Social Intelligence (SI) is a critical human ability for navigating complex social interactions to achieve personal and collective goals. As Large Language Models (LLMs) demonstrate increasingly sophisticated capabilities, evaluating their SI has become a key area of research. To address the limitations of existing evaluation methods, we introduce SocialEval, a script-based, bilingual (Chinese and English) benchmark for assessing the social intelligence of LLMs.

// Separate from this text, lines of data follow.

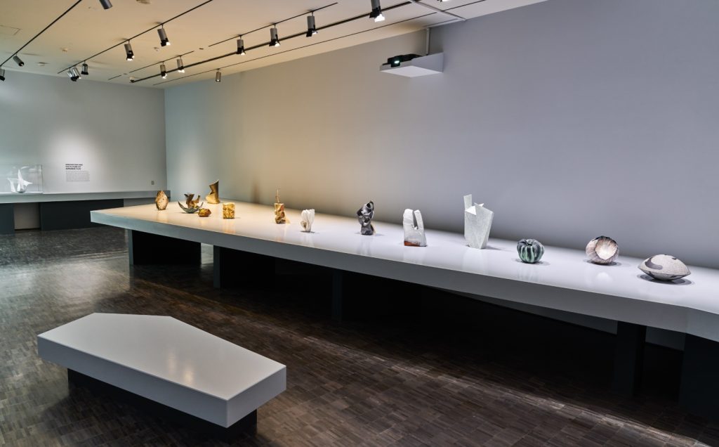 The change in perspective is key to understanding the exhibition, New Japanese Clay, at the Asian Art Museum in San Francisco (through February 2026). The long, dark exhibition room employs a waist-high platform that stretches the length of the space, spotlighting nearly thirty vessels from contemporary Japanese ceramicists. The viewer walks the length of the tall winding countertop, taking in each vessel in a manner that makes each artwork in this show feel monumental yet accessible.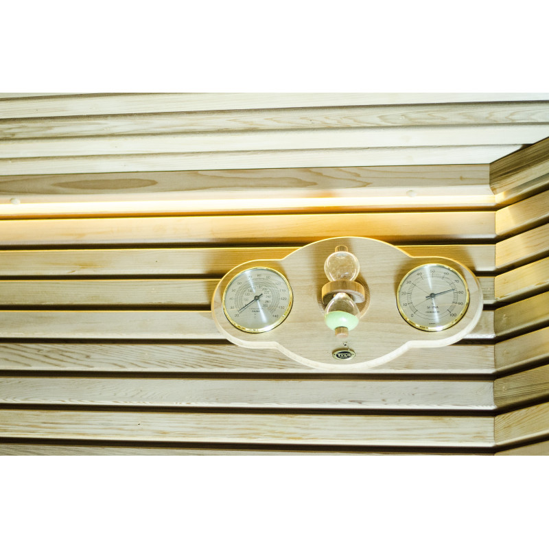 Αξεσουάρ σάουνας: σετ κουβά και κουτάλας, ξύλινο θερμόμετρο με υγρόμετρο και κλεψύδρα.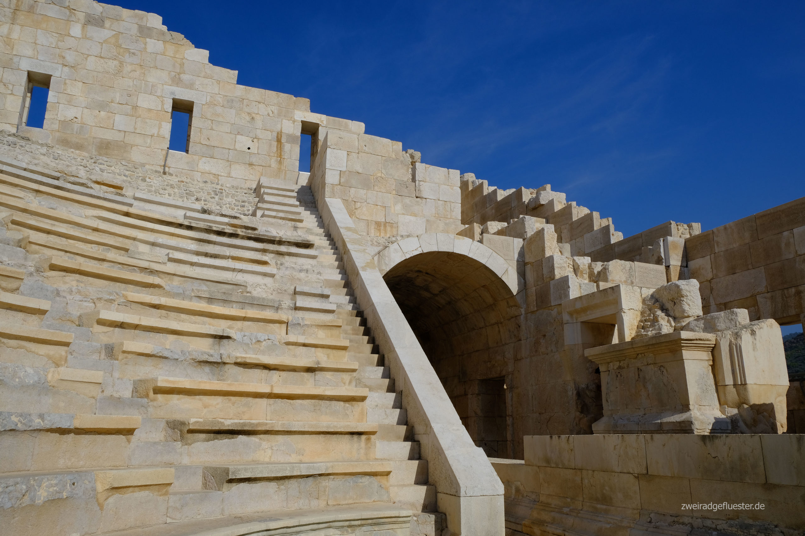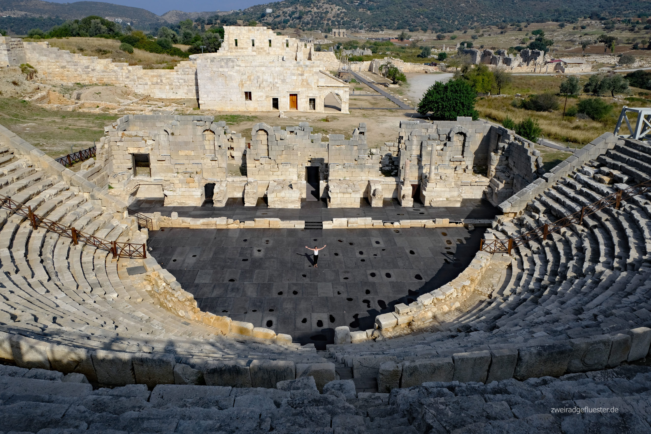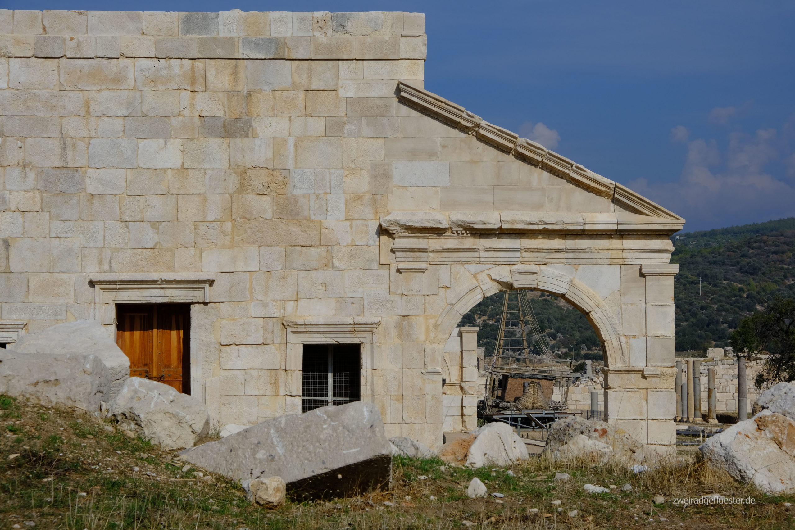 Nach einem ausgiebigen Frühstück auf Balkonien machen wir uns auf den Weg zu den Ruinen von Nikolaus Geburtsstadt, der alten lykischen Stadt Patara. Neben all den Ruinen und Säulen, gibt es auch hier wieder ein sehr gut erhaltenes Theater zu sehen, welches an die griechische Baukunst erinnert. Der antike Hafen soll wohl damals irgendwann versandet sein. Als wir im Anschluss zum riesigen Sanddünenstrand laufen, können wir uns das sehr gut vorstellen.
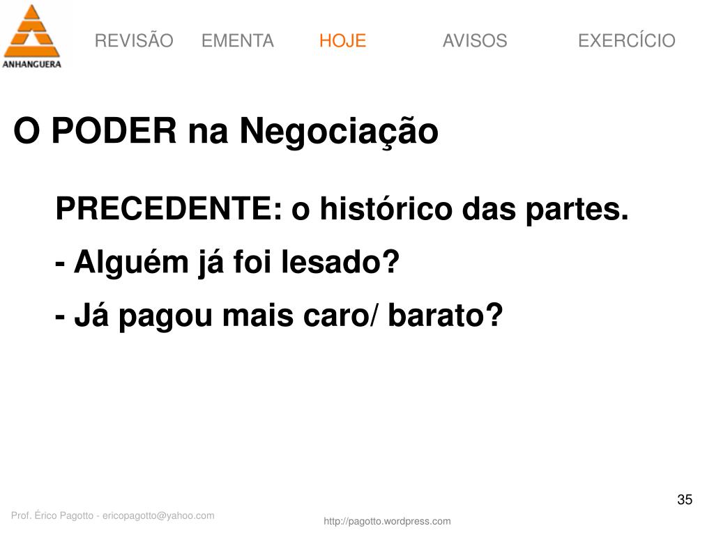 HOJE O PODER na Negociação PRECEDENTE: o histórico das partes. - Alguém já foi lesado? - Já pagou mais caro/ barato? Prof. Érico Pagotto - ericopagotto@yahoo.com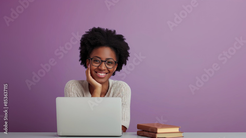 Smiling African American Woman with Laptop and Books on a Desk Against Purple Background.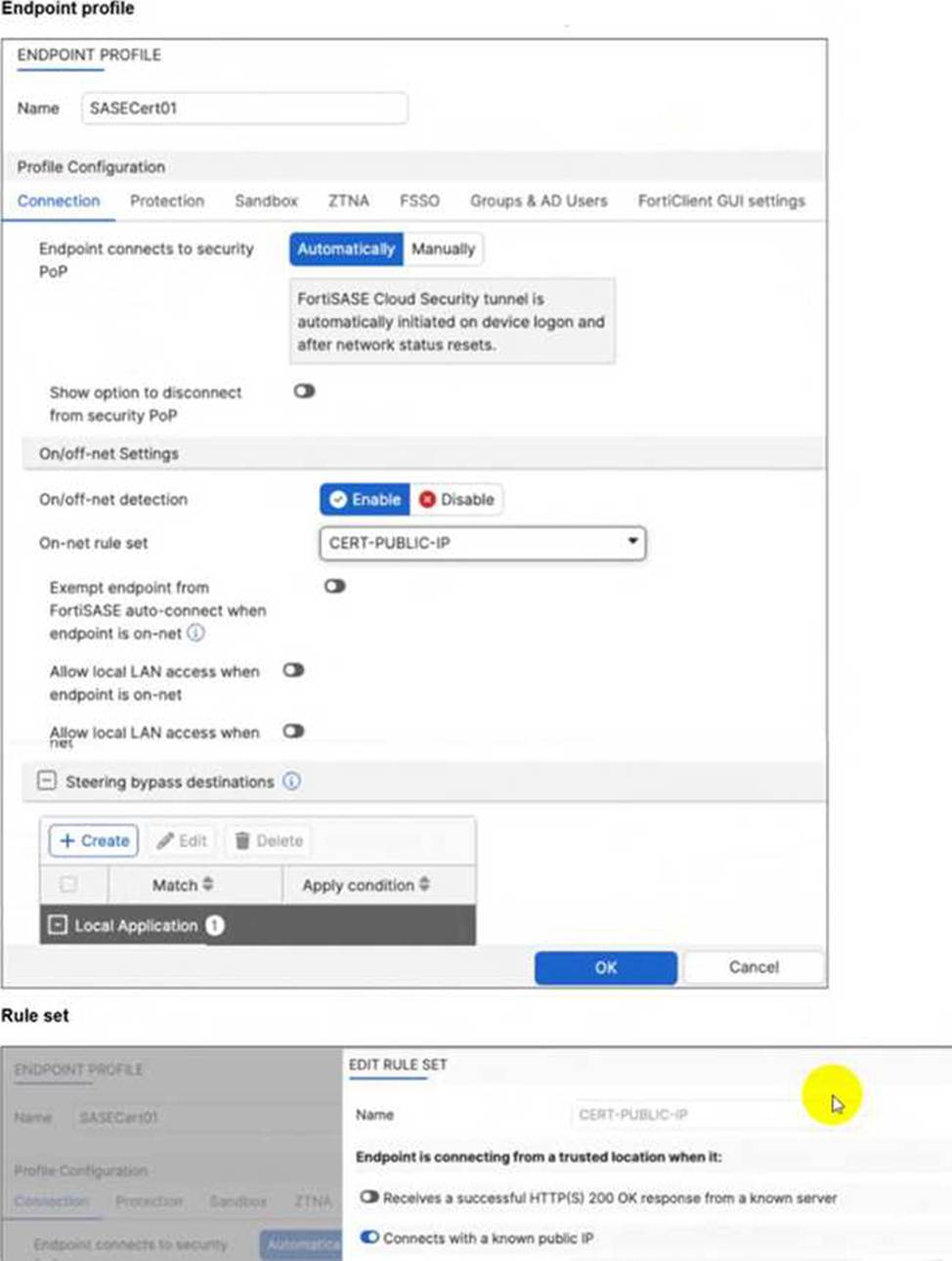 Rule Set Definition: The first part involves defining what constitutes an "on-net" or "on-fabric" status. In this scenario, the customer successfully configured a rule set named CERT-PUBLIC-IP using the Connects with a known public IP detection type. This tells FortiSASE that if the endpoint’s public WAN IP matches the corporate gateway, it is considered to be on the corporate network.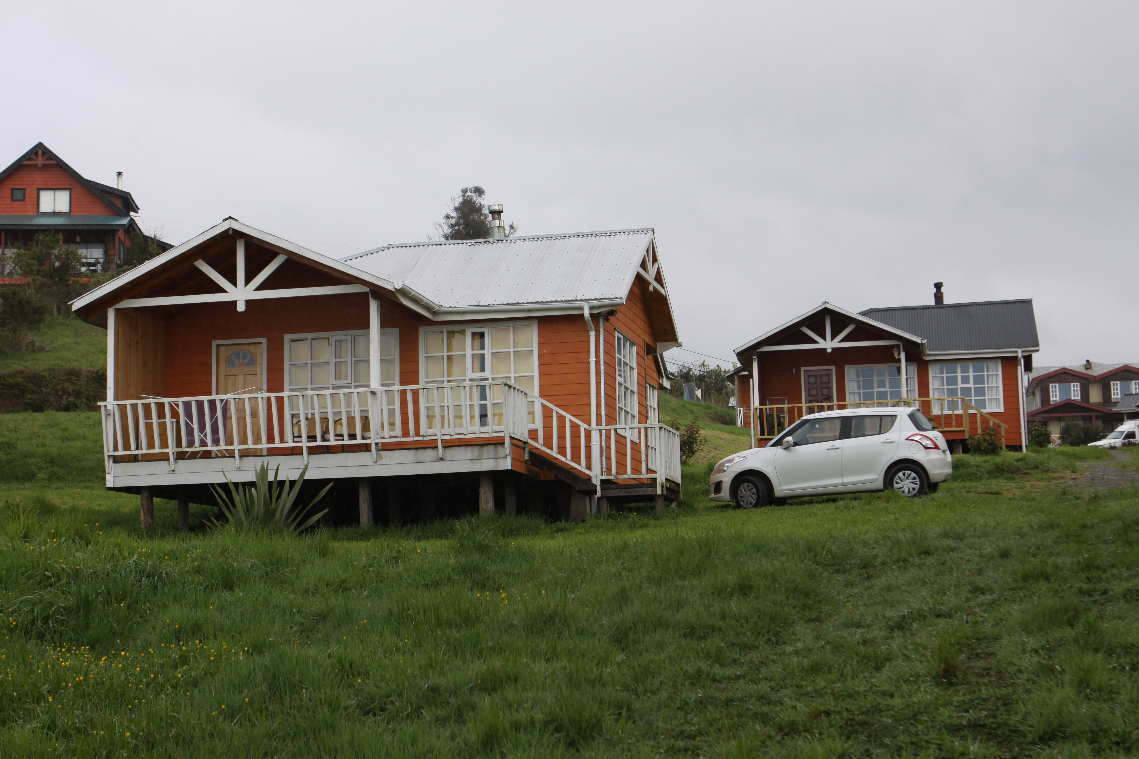 La isla grande de Chiloé nos recuerda al paisaje gallego español. Una semejanza que después seguiremos identificando con el carácter de sus habitantes: reservados, superticiosos, cariñosos… . Una carretera, la ruta 5 panamericana, atraviesa la isla de Norte a Sur. Vemos desvíos interesantes a Iglesias, a espacios naturales como el sendero de Darwin…. Pero nuestro destino es Castro, a escasos kilómetros se encuentra el municipio de Nercón donde se localiza el camping donde hemos reservado una cabaña de madera con vistas a una ensenada donde las mareas oscilan y dejan el océano o las playas descubiertas. Se trata de las Cabañas Piedra Blanca. Lo gestiona un profesor de matemáticas jubilado. Tras cesar en su trabajo que desarrolló en la Patagonia, decidió ubicarse en esta zona tan tranquila y con el encanto de la costa; para amortizar su inversión y garantizarse unos ingresos a su pensión, imagino que decidió aprovechar su terreno con este negocio, en el que además tiene la oportunidad de relacionarse, y en el que los clientes nómadas encontramos durante unos días nuestro hogar. Es muy amable, incluso nos deja su casa para que Alicia y Mar utilicen la wifi para enviar unos trabajos que deben entregar estos días en la Universidad. Todos los días disponemos de madera seca en la puerta de la cabaña, tan nececesaria para enceder la estufa que nos caldea el ambiente cuando al llegar la noche y empieza a refrescar.

SocialEval proposes a comprehensive evaluation paradigm that includes:

Outcome-Oriented Goal Achievement Evaluation (GAE): Assessing an LLM's ability to achieve specific social goals within social activities.
Process-Oriented Interpersonal Ability Evaluation (IAE): Evaluating an LLM's understanding and application of specific interpersonal abilities towards goal pursuit.

Social World Taxonomy

SocialEval is built upon a Social World Taxonomy that classifies social interactions into three main categories and seven sub-categories based on interdependence theory. The orientations are defined by the flow of interests between oneself and others, using the dimensions of self-interest and altruism.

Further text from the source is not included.